Consistency Revisited

Chairs: Mark Little (Red Hat) & Raghu Ramakrishnan (Yahoo!) Summarizer: Aaron Elmore aelmore@cs.ucsb.edu

Eventually Consistent is Eventually Not Enough - Mehul Shah (Nou Data)

In an analysis of eventual consistency, Mehul Shah shared experiences and insights with building a large distributed key-value store at HP. Some applications need scalable solutions to support high availability and globally distributed data. Traditional DBMSs have limited scalability due to their consistency requirements, resulting in the creation of NoSQL databases that dropped ACID and traditional models to achieve scale. In the context of the CAP theorem, this equates to traditional databases as providing CP and NoSQL databases as providing AP. Eventual consistency then becomes the standard tool to enable availability in a distributed environment. Shah stated that two myths regarding NoSQL exist today. First, that eventual consistency is enough and second, that adding stronger consistency later is easy.
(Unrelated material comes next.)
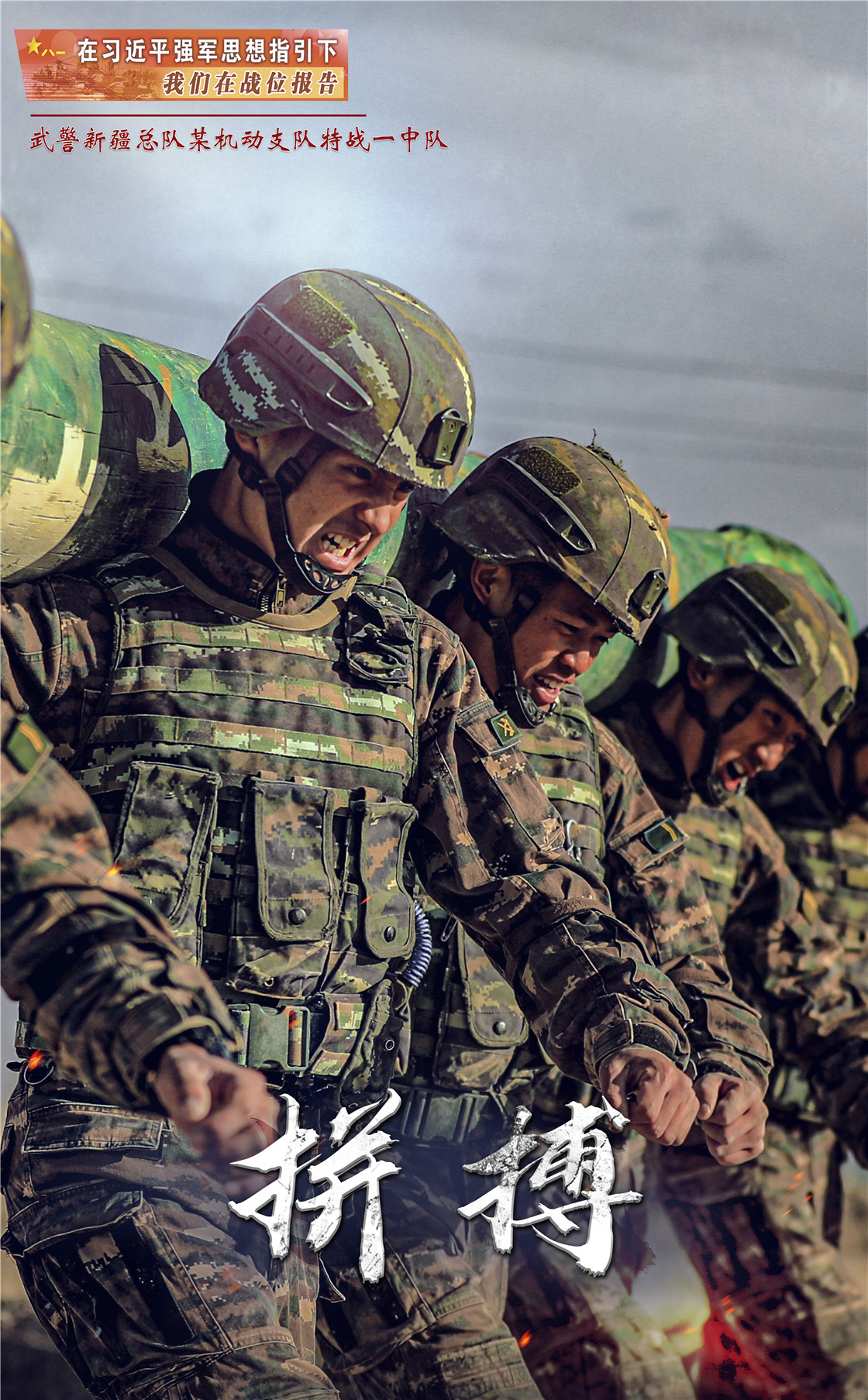 2014年4月27日,習(xí)主席親臨武警新疆總隊(duì)某機(jī)動(dòng)支隊(duì)特戰(zhàn)一中隊(duì)視察并親切寄語(yǔ):“你們是一支英雄的部隊(duì),確實(shí)名不虛傳。你們已經(jīng)交出了一份合格答卷!希望你們?cè)俳釉賲?、再立新功,為祖?guó)、為人民履行好我們的職責(zé)?!?/p>
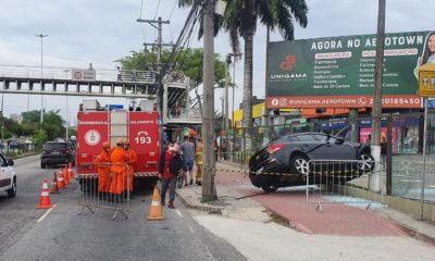 Três pessoas ficaram feridas após um carro invadir um ponto de ônibus na Avenida Ayrton Senna, altura do Shopping Aerotown, sentido Orla, na Zona Oeste do...

Shah described a database built at HP as a geo-distributed, highly-available, large object store that supports a large user base and versioned keys by use of timestamps. Conceptually, the database is similar to S3, with unique accounts owning multiple buckets, and each bucket having a unique name and containing many objects. Buckets have unique ownership and can be shared with other users via bucket permissions. With this context, two partitioned users attempting to concurrently create the same bucket is a conflict simplified by strong consistency. Whereas, eventual consistency for metadata operations, such as bucket creation and deletion, could result in a user viewing unowned objects.

To facilitate strongly consistent operations and prevent undesirable situations, the Atomic Conditional Update (ACU) was introduced as a primitive for achieving consistency. Multi-key and atomic get/test/put are operations that ACU needed to satisfy with a single RPC call. Pat Helland asked if this was effectively concurrency control, or a strongly consistent tool that can be used for optimistic concurrency control. Shah answered that larger transactions could be built out of ACU primitives if needed.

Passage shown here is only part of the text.